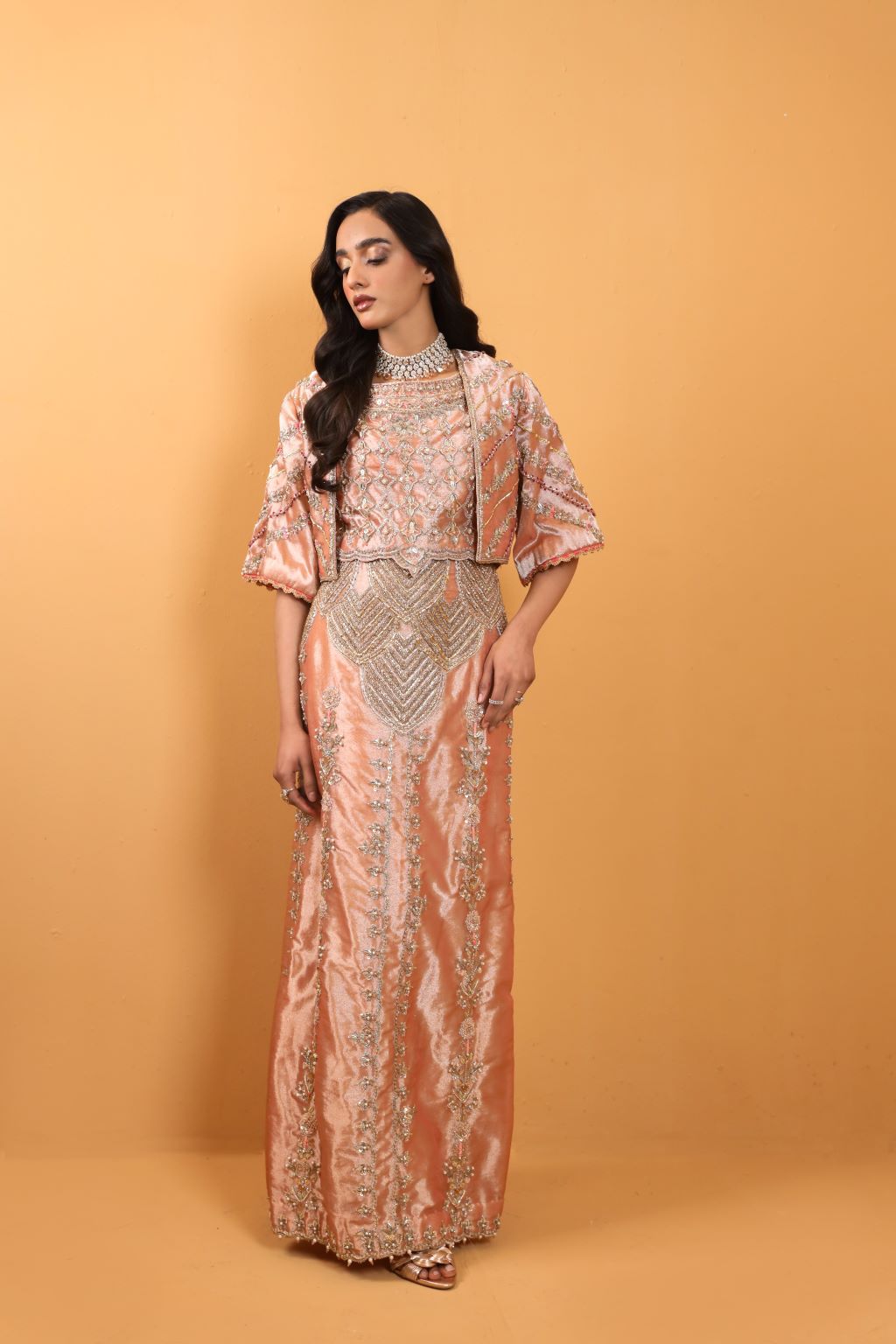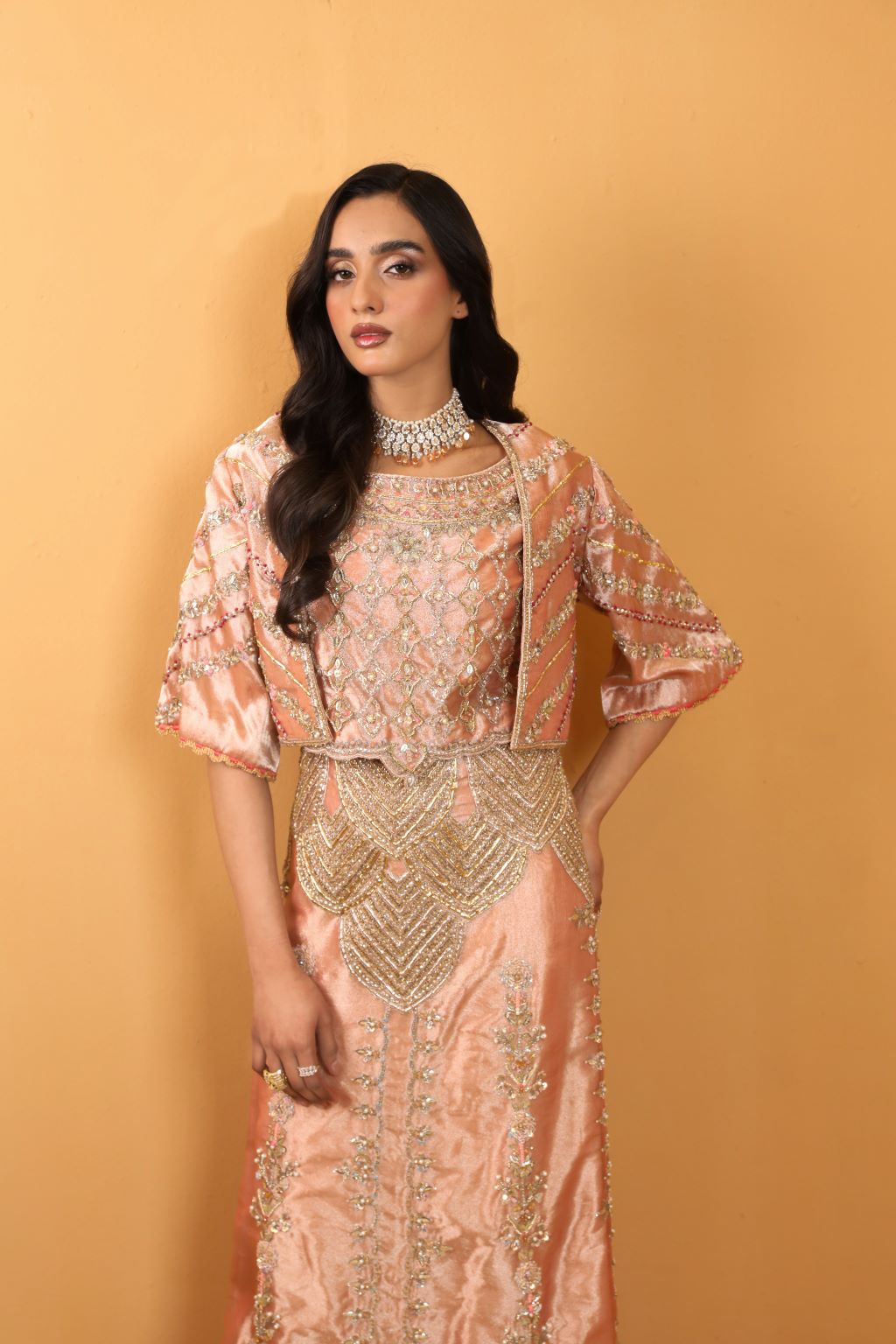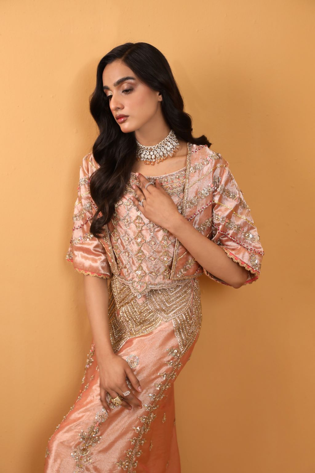 Bold and daring, Amal's signature couture exudes high-end femininity with its crystal and Swarovski embellishments and contemporary modern cut.
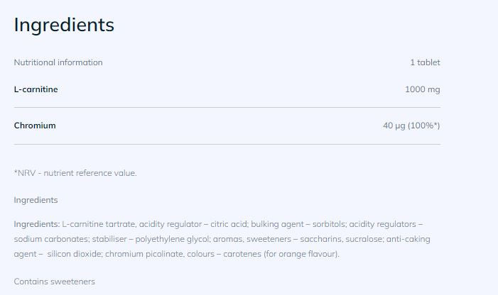 OLIMP Gold L-carnitine 1000 + Chromium / 20 Effervescent Tabs е хранителна добавка, под формата на разтворими таблетки, която подпомага ефектнивното изгаряне на мазнини.
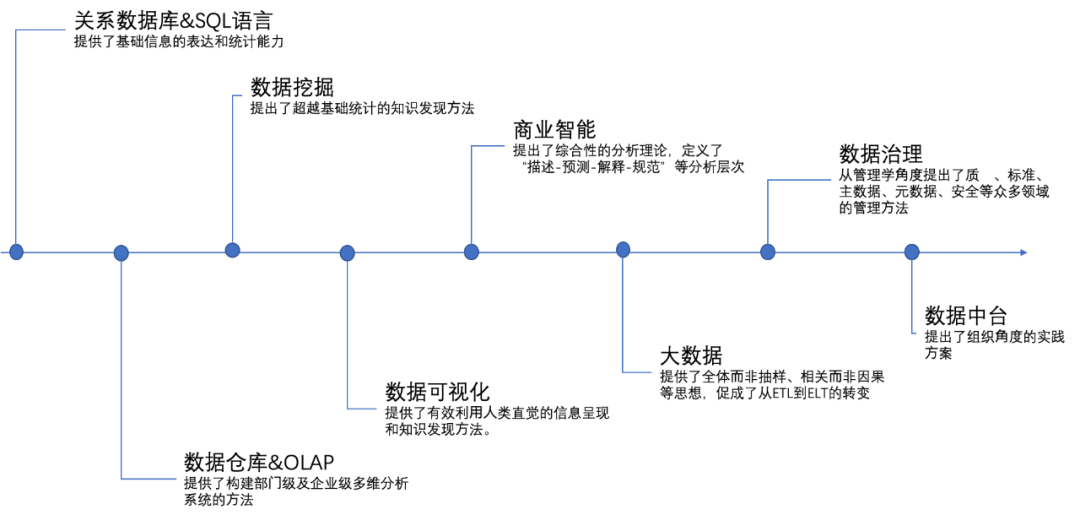 数据生产力的愿景是构建“人人用数据,时时用数据”的企业数据文化,愿景代表的是目标和方向,支撑这个目标的达成,必然需要一系列的方法论。方法论,是以解决问题为目标,通过对具体方法的分析和总结,提出的一般性原则。方法论可以指引技术的发展方向。很多从事数据分析的人,容易沉溺于技术实现,而忽视技术背后的方法论。在数据分析的历史上,其实诞生过很多优秀的方法论,这些方法论指导了数据分析技术的不断演进和迭代。
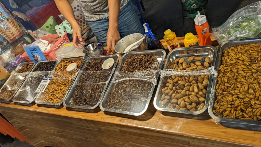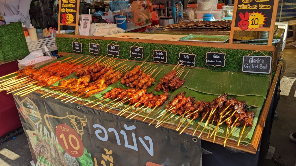 Die thailändische Küche ist sehr köstlich. Das traditionelle Pad Thai besteht aus Nudeln, Gemüse und Tofu. Als Nachspeise ist Mango Sticky Rice wohl am bekanntesten – das schmeckt auch sehr lecker. In Restaurants ist es generell so, dass die Teller erst abserviert werden, wenn man schon gegangen ist. Nur in den Tourismusgebieten wird wie bei uns abserviert, wenn man aufgegessen hat. Dies fanden wir am Anfang komisch, weil wir es nicht gewohnt waren, dass bis zum Zahlen und Gehen die benützen Teller am Tisch stehen. Nach kurzer Zeit haben wir uns aber daran gewöhnt. In der Kulinarik muss ich aber auch das Street Food erwähnen. Ich habe es immer sehr genossen am Abend durch die Straßen und Märkte zu schlendern und ein Street Food Ständchen nach dem anderen zu sehen – ganz frisch zubereitetes Street Food das absolute Kulinarik-Highlight in Thailand.
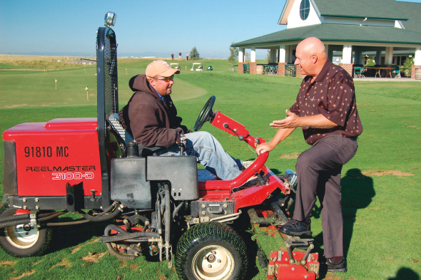 El comportamiento de un líder: mantenerse positivo con el staff, más allá de decisiones derivadas de mantenimiento, con las que el superintendente puede estar en desacuerdo, es una entre las cualidades que el ex presidente de la GCSAA Dennis Lyon, CGCS (derecha), ve en un superintendente exitoso.

Your assignment. Although the records contain pictures, the copy should consist of their text alone, reproduced exactly.

Task output.
 Bold and daring, Amal's signature couture exudes high-end femininity with its crystal and Swarovski embellishments and contemporary modern cut.
 OLIMP Gold L-carnitine 1000 + Chromium / 20 Effervescent Tabs е хранителна добавка, под формата на разтворими таблетки, която подпомага ефектнивното изгаряне на мазнини.
 数据生产力的愿景是构建“人人用数据,时时用数据”的企业数据文化,愿景代表的是目标和方向,支撑这个目标的达成,必然需要一系列的方法论。方法论,是以解决问题为目标,通过对具体方法的分析和总结,提出的一般性原则。方法论可以指引技术的发展方向。很多从事数据分析的人,容易沉溺于技术实现,而忽视技术背后的方法论。在数据分析的历史上,其实诞生过很多优秀的方法论,这些方法论指导了数据分析技术的不断演进和迭代。
 Die thailändische Küche ist sehr köstlich. Das traditionelle Pad Thai besteht aus Nudeln, Gemüse und Tofu. Als Nachspeise ist Mango Sticky Rice wohl am bekanntesten – das schmeckt auch sehr lecker. In Restaurants ist es generell so, dass die Teller erst abserviert werden, wenn man schon gegangen ist. Nur in den Tourismusgebieten wird wie bei uns abserviert, wenn man aufgegessen hat. Dies fanden wir am Anfang komisch, weil wir es nicht gewohnt waren, dass bis zum Zahlen und Gehen die benützen Teller am Tisch stehen. Nach kurzer Zeit haben wir uns aber daran gewöhnt. In der Kulinarik muss ich aber auch das Street Food erwähnen. Ich habe es immer sehr genossen am Abend durch die Straßen und Märkte zu schlendern und ein Street Food Ständchen nach dem anderen zu sehen – ganz frisch zubereitetes Street Food das absolute Kulinarik-Highlight in Thailand.
 El comportamiento de un líder: mantenerse positivo con el staff, más allá de decisiones derivadas de mantenimiento, con las que el superintendente puede estar en desacuerdo, es una entre las cualidades que el ex presidente de la GCSAA Dennis Lyon, CGCS (derecha), ve en un superintendente exitoso.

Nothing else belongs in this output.